Hoy, el país vive tres vacíos. El primero, el vacío moral, ese que dejó la “honestidad valiente” cuando se convirtió en consigna sin consecuencia. Ni el régimen ni la oposición pueden llenarlo: unos lo traicionaron, los otros lo niegan. Los muchos que sí encarnan la ética del servicio público cargan con la pesada maleta de sus compañeros de viaje: morenistas, priistas, panistas y emecistas.

El segundo, el vacío de capacidad, ese que la oposición sí está llenando. El top 10 de gobernadores y alcaldes mejor evaluados pertenece al PAN, PRI y MC. Pero sus aciertos locales no se han traducido en un relato nacional. Tienen gestión, pero no narrativa. Las dirigencias nacionales de oposición están secuestradas por el centro y sus problemas, y están demasiado lejos del territorio, de las secciones electorales, de los barrios y las colonias. Así no se hace política.

Y el tercero, el vacío de ideas, el más peligroso de todos. No hay discurso alternativo que sustituya a los “abrazos, no balazos”. Y tampoco lo hay en la oposición: nadie está pensando una nueva ecuación entre seguridad, justicia y comunidad. Porque no es cierto que México pida volver a la guerra contra el narco, ni mucho menos una intervención extranjera. Lo que el país exige es que el Estado recupere su lugar: no como verdugo, sino como garante de orden y esperanza. Y eso solo se logra de abajo hacia arriba.

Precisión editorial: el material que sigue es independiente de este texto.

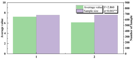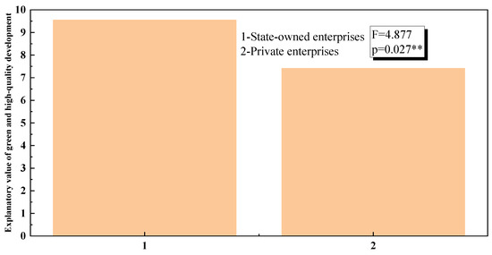As can be seen from Figure 5, the explanatory value of green and high-quality development in the IT industry is very different from other industries, followed by the semiconductor and electronic equipment and biotechnology industries, indicating that companies in high-tech and high-value-added industries are more likely to achieve green and high-quality development. In addition, the results of the homogeneity of variance test showed a significant p value of 0.006, which is significant at the 1% level. Similarly, as can be seen from Figure 6, the significant p value is 0.009, which is significant at the 1% level, indicating that different industries have significant differences in green and high-quality development. Judging from the number of investment samples in various industries, the industries with the largest number of samples are concentrated in high-tech or high-value-added industries. Similarly, the same one-way analysis of variance was performed on the equity nature of the enterprise. The equity nature of the enterprise is mainly divided into state-owned enterprises and private enterprises.
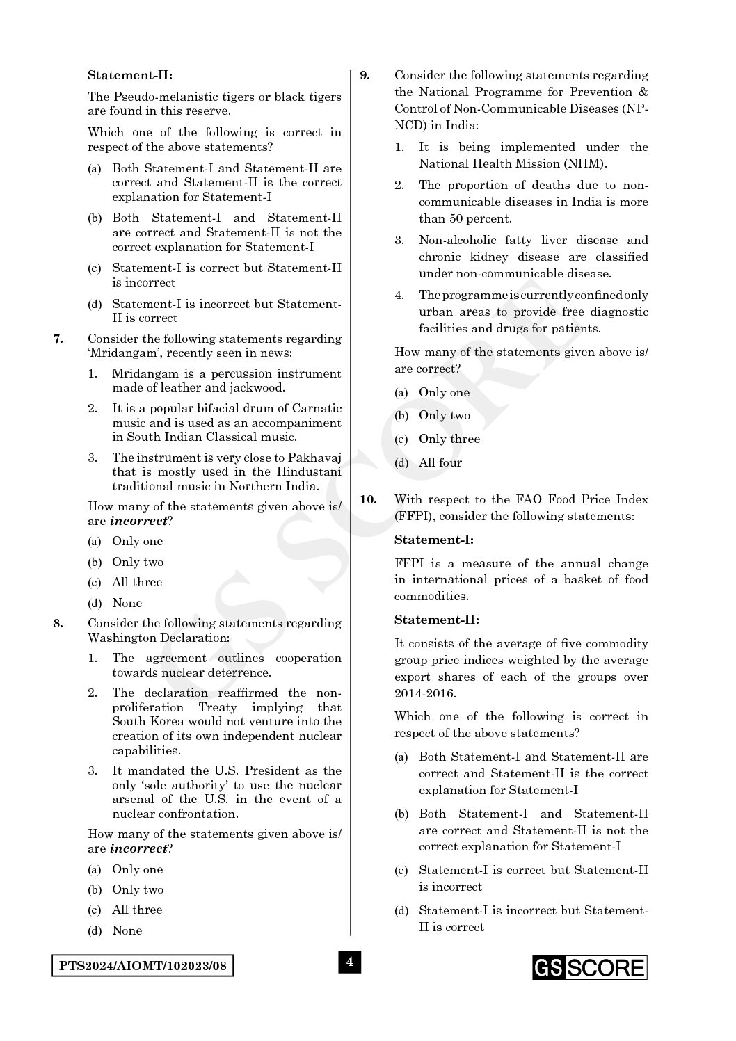 GS SCORE 2024 ALL INDIA MOCK TEST-8 2024 FINAL {ENGLISH} {BLACK AND WHITE}
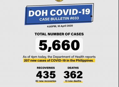 (Eagle News) — The Department of Health on Thursday, April 16, reported 82 more coronavirus disease 2019 recoveries, even as it reported an increase to 5660 in the COVID-19 cases in the country. In its 4 p.m. update, the DOH said the 82 additional recoveries brought the total to 435, more than the 362 COVID-19 deaths reported so far. The 362 deaths, the DOH said, includes the 13 recently added deaths. This is the second […]
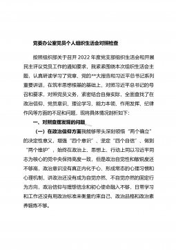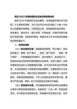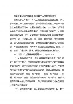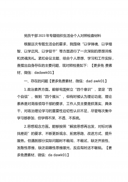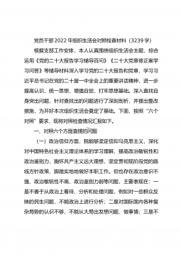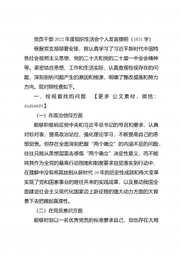 党员干部2022年度组织生活会个人发言提纲(1851字)根据党支部部署安排,我认真学习了习近平新时代中国特色社会按照主义思想、党的二十大和党的二十届一中全会精神等。紧密结合思想、工作和生活实际,认真查摆检视存在的问题,深刻剖析问题产生的原因和根源,明确了整改措施和努力方向。现对照检查如下。 一、检视查找的问题 【更多 公文素材,微信:dadawk01】(一)在政治信仰方面能够积极响应党中央和习近平总书记的号召和要求,认真对标对表,提高政治站位,强化理论学习,不断提高自己的思想觉悟。但存在全面深刻把握“两个确立”的内涵不足的问题,往往只能从思想层面去感悟“两个确立”决定性意义,而不能将其作为全党...
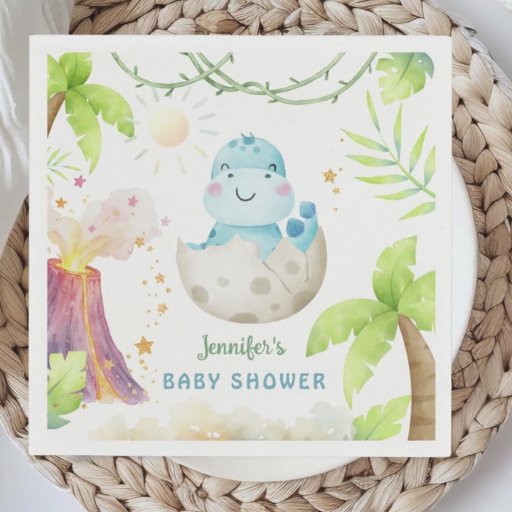 Plain white envelopes are included with paper invitations and will come to fit the invitation size you select. If you don’t need the envelopes, you may choose to not receive them by selecting the dropdown below "Envelopes" and choosing "None." If you’d like to have a design on your envelopes, you can browse all of these available envelopes to find the design that complements your Hatching Soon Boy Dinosaur Baby Shower Invitation.
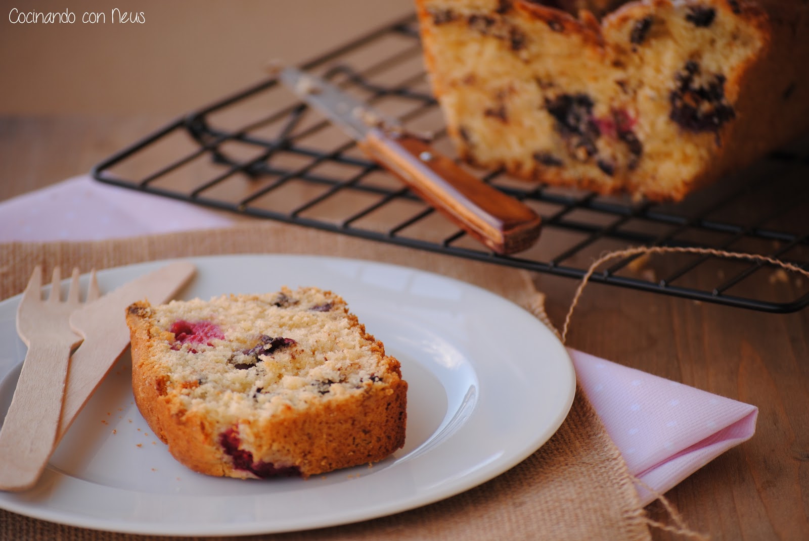 Me encanta las masas que llevan frutas, le dan jugosidad y mucho sabor. Este cake es compacto pero cada bocado que das es delicioso por la combinación de frutos rojos y las gotas de chocolate que lleva.
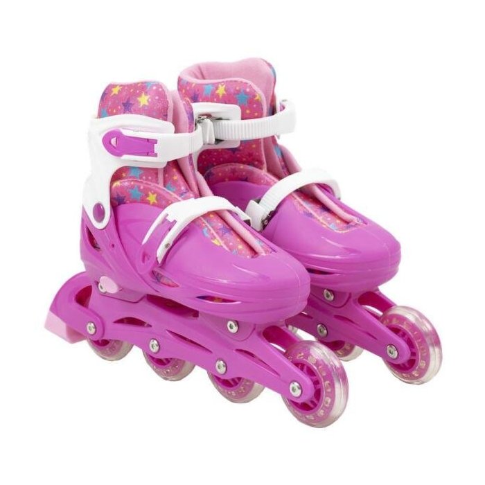 Kit patins infantil in line e tri line com kit de segurança tamanho 36/39 rosa bbr toys Kit: par de patins com 3 ou 4 rodas, com um capacete, par de joelheiras e um par de cotoveleiras. Rodas traseiras flexíveis, ajustável, com rodinhas de apoio e freio em apenas um dos lados. Código INNAC 00160-13A
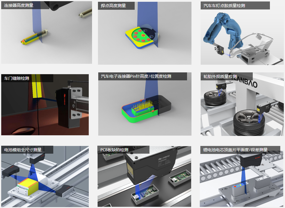 蘭寶激光線掃描3D視覺(jué)傳感器是集圖像采集、圖像處理、智能標(biāo)定、應(yīng)用算法于一體的超高集成度智能傳感器。突破了全自動(dòng)標(biāo)定技術(shù),優(yōu)化了材料工藝設(shè)計(jì)等,能夠?qū)崿F(xiàn)高精度測(cè)量;利用自主研發(fā)的偏振調(diào)制技術(shù),能夠?qū)μ厥獗粶y(cè)面進(jìn)行穩(wěn)定檢測(cè);采用自主研發(fā)的“ASALI”技術(shù),保證信號(hào)光強(qiáng)度不變,能夠?qū)崿F(xiàn)抗強(qiáng)環(huán)境光干擾,具有高環(huán)境適用性。產(chǎn)品重復(fù)精度±0.1um,X軸分辨率4.8-5.2um,達(dá)到國(guó)內(nèi)領(lǐng)先水平。Z軸線性度達(dá)0.008%,處于國(guó)際領(lǐng)先水平。產(chǎn)品內(nèi)置強(qiáng)大的算法平臺(tái),包含角度檢測(cè)、平整度檢測(cè)、尺寸測(cè)量等諸多算法工具,同時(shí)提供配套的視覺(jué)軟件,可實(shí)現(xiàn)參數(shù)配置、算法工具配置、AI檢測(cè)等功能。目前已滲透消費(fèi)、軍事、工業(yè)領(lǐng)域,在汽車(chē)行業(yè)、鐵路建設(shè)養(yǎng)護(hù)、飛機(jī)船舶制造、3C電子行業(yè)、半導(dǎo)體行業(yè)、LCD行業(yè)、鋰電行業(yè)、金屬制造、電子/電氣部件、塑料/橡膠/薄膜行業(yè)、OA/多媒體、工廠自動(dòng)化等領(lǐng)域有著廣泛應(yīng)用,如汽車(chē)擋風(fēng)玻璃尺寸檢測(cè)、手機(jī)蓋板膠路檢測(cè)、芯片針腳共面度檢測(cè)、電池焊縫檢測(cè)、電路板錫膏厚度檢測(cè)、薄膜厚度檢測(cè)等等。值得一提的是,該傳感器內(nèi)部的關(guān)鍵器件已基本實(shí)現(xiàn)了國(guó)產(chǎn)替代,確保了產(chǎn)品的完全自主可控。

Hoy la oposición se está reorganizando y quizá aún no tiene la capacidad de llenar estos vacíos a nivel nacional, pero comienza a hacerlo, sobre todo en aquellos estados y municipios donde gobierna con honestidad y resultados. La oposición necesita una sóla cosa: tiempo. Solito alguno o alguna comenzará a destacar y a llenar esos vacíos y poco a poco se reorganizará en torno a dicha figura y al igual que Fox o AMLO romperán con el nuevo estatus quo en una o dos elecciones más.

El problema que tiene la Presidenta es distinto: ella tiene que romper con los pactos de impunidad heredados del obradorismo. Si lo hace, el país bajo su mando podrá recuperar el rumbo hacia la prosperidad compartida, Lo puede hacer porque ella sí es honesta, ella sí es capaz y ella sí tiene una idea distinta sobre el combate a la delincuencia. Si no lo hace, su administración pasará a la historia como una anécdota feminista, como desgraciadamente le pasó a Dilma Rousseff.